According to the above structure, since the spacer layer is formed around the active element on the semiconductor substrate, the light-transmissive member is bonded to the spacer layer via the adhesive layer, whereby the portion where the active element is disposed between the semiconductor substrate and the light-transmissive member. In the space is formed. In this structure, since the spacer layer and the light transmissive member are joined by the adhesive layer, the semiconductor substrate and the light transmissive member can be joined during the deterioration. In addition, in this structure, since the spacer layer is formed on the semiconductor substrate side, it is not necessary to perform pattern matching when joining the light-transmissive member to the spacer layer, and it is possible to join by only fitting the light-transmissive member and the spacer layer to an external shape. .

Moreover, in order to achieve the said objective, the manufacturing method which concerns on this invention is a method of manufacturing the said semiconductor device, It is characterized by pattern-forming the said spacer layer and the said adhesive bond layer by the screen printing method.

According to the said structure, since the expensive photosensitive resin material does not need to be used like the case of pattern formation using the photolithographic method, material cost becomes low. In the conventional manufacturing method, since the photosensitive resin material is hardened after pattern formation, in order to join with a wafer, the pressure of 1-2 Mpa is required. On the other hand, in the manufacturing method of this invention which hardens after forming the pattern of a spacer layer by the printing system, and then forms a pattern of an adhesive bond layer, since the resin for joining is not hardening, it joins by the pressure of 0.5 Mpa or less It becomes possible.

Further objects, features and advantages of the present invention will be fully understood from the description below. Further advantages of the present invention will become apparent from the following description with reference to the accompanying drawings.

An embodiment of the present invention will be described below with reference to Figs. 1A to 5B.

FIG. 1A is a plan view showing the configuration of a semiconductor device 1 according to the embodiment of the present invention, and FIG. 1B is a sectional view showing the configuration of a semiconductor device 1.

As shown in Figs. 1A and 1B, the semiconductor device 1 includes a rectangular semiconductor substrate 11 in plan view. The semiconductor substrate 11 is, for example, a flat plate made of Si, and a rectangular imaging element 12 is formed on one surface of the semiconductor substrate 11 in plan view. The imaging element 12 is formed by arranging a plurality of pixels that function as light receiving sensors. The micro lens unit 13 is formed on the formation surface of the imaging element 12. The micro lens unit 13 is arranged in a one-to-one correspondence with the pixels of the imaging device 12 in order to improve the light condensing efficiency of the imaging device 12.

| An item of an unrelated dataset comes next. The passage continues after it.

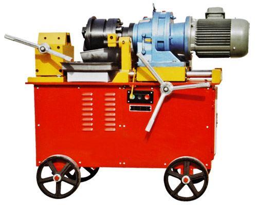 將鋼筋?yuàn)A緊,剝肋滾絲頭轉(zhuǎn)動(dòng)并作軸向進(jìn)給完成螺紋加工。剝肋滾絲頭轉(zhuǎn)動(dòng)是由主電機(jī)經(jīng)減速機(jī)以50轉(zhuǎn)每分的轉(zhuǎn)速完成。進(jìn)給由操作員扳動(dòng)手柄經(jīng)齒輪、齒條帶動(dòng)減速機(jī)及剝肋滾絲頭沿滑杠運(yùn)動(dòng)完成。

Here, with respect to the semiconductor substrate 11, one surface on which the imaging device 12 is formed is the surface of the semiconductor substrate 11, and the other surface on which the imaging device 12 is not formed is the back surface of the semiconductor substrate 11. do. The semiconductor substrate 11 includes a plurality of through electrodes 14... Which penetrate the front and back surfaces of the semiconductor substrate 11, respectively. The through electrodes 14... Are arranged at appropriate intervals, and are arranged to surround the imaging element 12 and the micro lens unit 13 at appropriate intervals. The number and arrangement of through electrodes 14... Are set in accordance with the necessity of wiring to the imaging element 12.

On the semiconductor device 1, a rectangular flat glass lead 15 (light transmissive member) having a planar dimension approximately equal to that of the semiconductor substrate 11 is formed. The semiconductor substrate 11 and the glass lead 15 are joined by the sealing material part 19 which consists of the spacer layer 17 and the adhesive bond layer 18. As shown in FIG. The spacer layer 17 is provided to secure the space 16 between the glass lead 15 and the micro lens unit 13. The adhesive layer 18 is made of an adhesive for bonding the glass lead 15 and the spacer layer 17 to each other.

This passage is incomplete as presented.